In combat, a sergeant tells him, “chances are they’re going to take more from you than you feel like you owed them.”

Conditions, especially on Giunta’s second deployment in the Korengal Valley in northeast Afghanistan, near the border with Pakistan, are dangerous. Insurgent activity is heavy. The mountain outposts are primitive, with scorpions and bugs, no electricity, no running water. Giunta’s words help you feel the soldiers’ thirst, their fatigue, their frustration in dealing with villagers who don’t want them there, the chaos of combat.

“Combat,” Giunta writes, “is life distilled to its essence.” And war is “bloody and it’s gross and it’s gruesome; it’s always sick and mean. … There is hatred in those bullets.”

Giunta is matter-of-fact and sparse in detailing the night his patrol was ambushed in the “Valley of Death,” where he risks his life to help others.

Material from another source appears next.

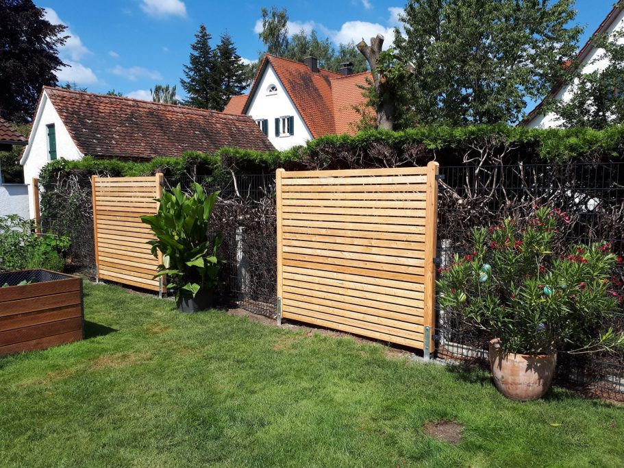 Sichtschutzwände aus Rhombusleisten.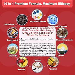 💖900mg Magnesium Comple💖x: Our gummies provide a potent blend of 600mg Magnesium Glycinate and 300mg Magnesium L-Threonate. This unique combination supports relaxation, muscle health, and overall well-being. 💖65 Gummie💖s: Unlike most brands offering 60 gummies, we give you 65 gummies per bottle. That’s 5 extra gummies for sharing with your friend! Saves your money and give you a sufficient 1 month supply. 💖Sugar-Free and Gluten-Free💖: Our magnesium complex is sugar-free and gluten-free, making it suitable for individuals with dietary restrictions or sensitivities. It is also vegan-friendly, with no artificial colors, flavors, or preservatives. 💖10-in-1 Formula💖: Our gummies aren’t just about magnesium. They also contain essential nutrients like Vitamin D, B6, and Coenzyme Q10. 💖Lab-Tested Premium Quality💖: We take quality seriously. These gummies are rigorously tested to ensure purity, potency, and safety. Trust in a premium product backed by science.

He knows they would have done the same for him, had their positions been reversed.

And that’s one reason he has trouble understanding why he is being recommended for the Medal of Honor: “How can I be so great if I allowed two of my friends to get killed? … I did what I was supposed to do, and I know for a fact that others behaved just as courageously.”

Nonetheless, Giunta is singled out. In the two years since President Obama draped the Medal of Honor around Giunta’s neck at the White House, Giunta has learned to live with its heavy weight.

And now this “regular guy” does us the honor of sharing his story — the story of many a young soldier — in an honest, humble and straightforward fashion. You get to know, and like, the men he served with, his brothers in arms.

Regardless of what you think of the war in Afghanistan, this is a book about courage and grace and friendship, a book well worth reading.